## WHAT IS BEING ASKED
Exactly as written, write out the lines below from the first to the one containing "At this point", inclusive. Pictures do not belong in the copy.

## Items from a data source
______________________________

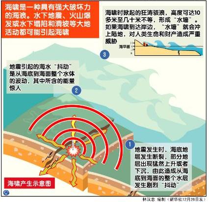 海嘯是由海底地震、火山爆發、海底滑坡等產生的破壞性海浪。在深海大洋,海嘯波以每小時800 公里以上的速度傳播,但波高卻只有幾十厘米或更小。當海嘯波移近岸邊淺水區時,波速會減慢,波高陡增,可形成十數米或更高的水墻。隨著海嘯波向陸移動,由于受海灣、海港或瀉湖等特殊地形的影響,海嘯波的高度會進一步上升。據觀測,大海嘯的波高可達30 米以上。即使波高只有3至6米的海嘯,也極具破壞力,可造成嚴重傷亡。
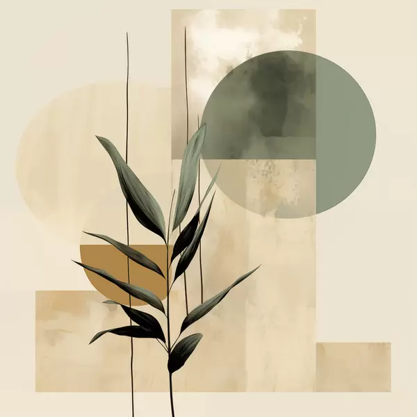 Poster Una pianta di colore verde scuro con forme geometriche astratte e texture acquerellate nei toni del beige e del verde Nr f48409
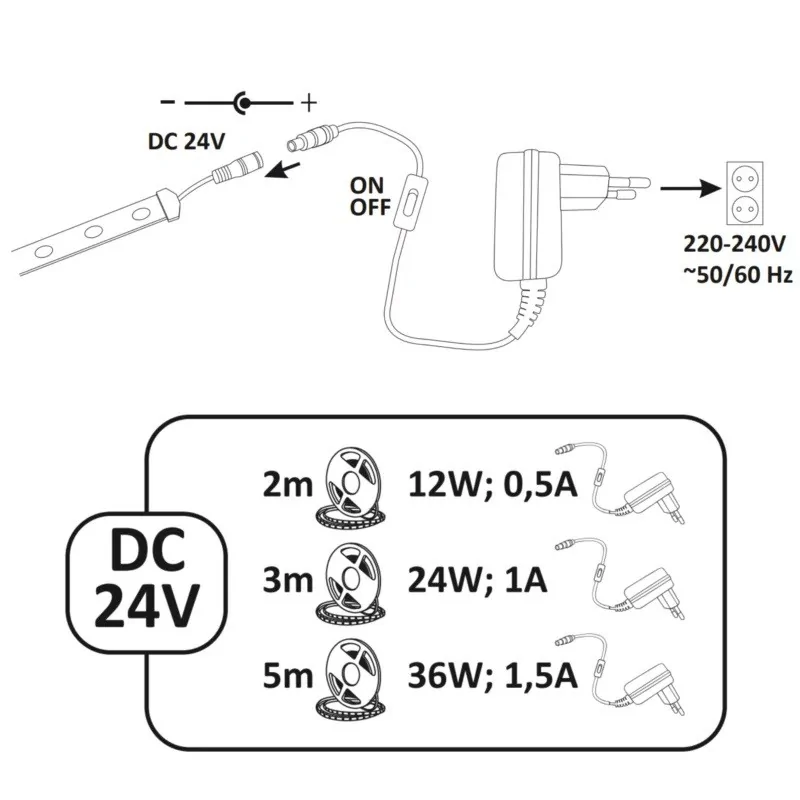 Zestaw 5-metrowej taśmy led z zasilaczem i włącznikiem
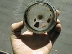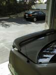 At this point I tried to thread the antenna back into the motor assembly. Luckily I have a remote control for the radio, so I was able to turn it on and off from the back of the car. If you don't have a remote, you will want to have someone in the car to operate the radio. As you can see from the picture, the antenna would not lower all the way. It would stop with about 9" still sticking out. After about 5 minutes of trying to get it go all the way down, I realized that the plastic strip that broke off must still be in the motor assembly.
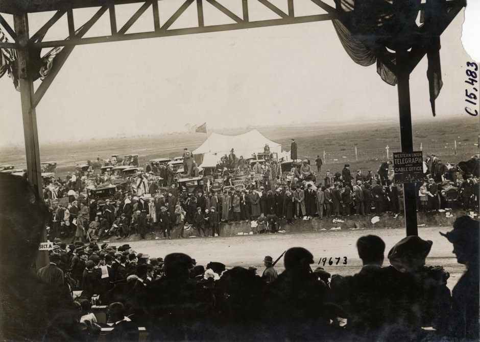 View from grandstand of spectators, cars and tent during the 1908 Vanderbilt Cup races on Long Island, New York. "Western Union Telegraph and Cable office" sign displayed inside grandstand. Stamped on back: "Photo by N. Lazarnick, 29 West 42nd Street, N.Y., tel. 594 Bryant." Handwritten on back: "Races and racing--Vanderbilt Cup races, 1908."
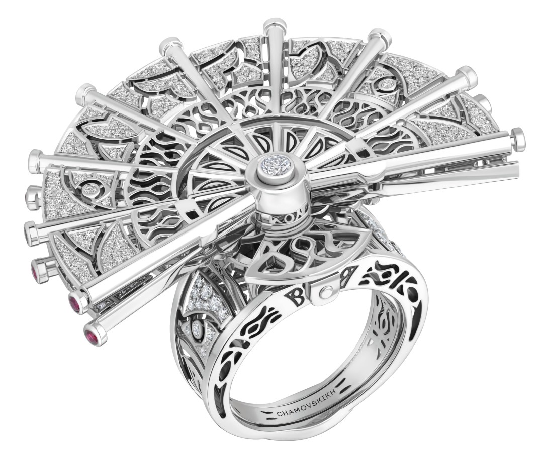 Кольцо из белого золота с центральным бриллиантом в 1,15 карата складывается из круга в полукруг по принципу японского веера утива.
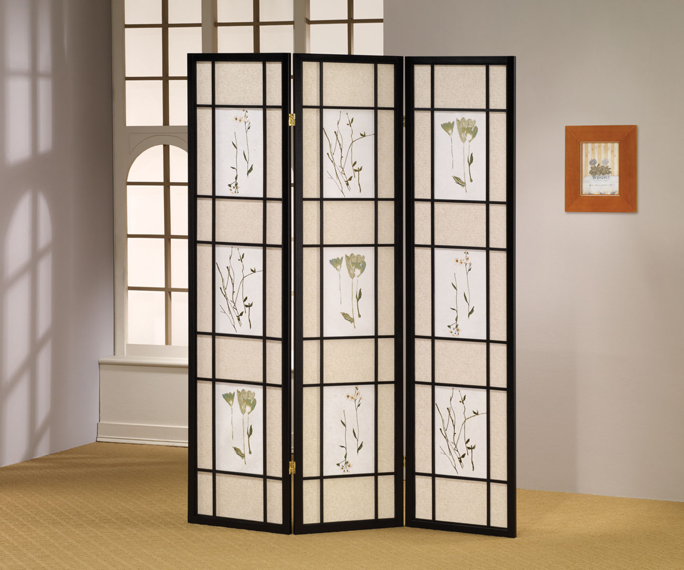 • One-Sided Design, Features 3 floral picture frame on each shoji paper panels. • Each Panel measures 19"L x 1"W x 70"H.

______________________________

## SOLUTION
 海嘯是由海底地震、火山爆發、海底滑坡等產生的破壞性海浪。在深海大洋,海嘯波以每小時800 公里以上的速度傳播,但波高卻只有幾十厘米或更小。當海嘯波移近岸邊淺水區時,波速會減慢,波高陡增,可形成十數米或更高的水墻。隨著海嘯波向陸移動,由于受海灣、海港或瀉湖等特殊地形的影響,海嘯波的高度會進一步上升。據觀測,大海嘯的波高可達30 米以上。即使波高只有3至6米的海嘯,也極具破壞力,可造成嚴重傷亡。
 Poster Una pianta di colore verde scuro con forme geometriche astratte e texture acquerellate nei toni del beige e del verde Nr f48409
 Zestaw 5-metrowej taśmy led z zasilaczem i włącznikiem
 At this point I tried to thread the antenna back into the motor assembly. Luckily I have a remote control for the radio, so I was able to turn it on and off from the back of the car. If you don't have a remote, you will want to have someone in the car to operate the radio. As you can see from the picture, the antenna would not lower all the way. It would stop with about 9" still sticking out. After about 5 minutes of trying to get it go all the way down, I realized that the plastic strip that broke off must still be in the motor assembly.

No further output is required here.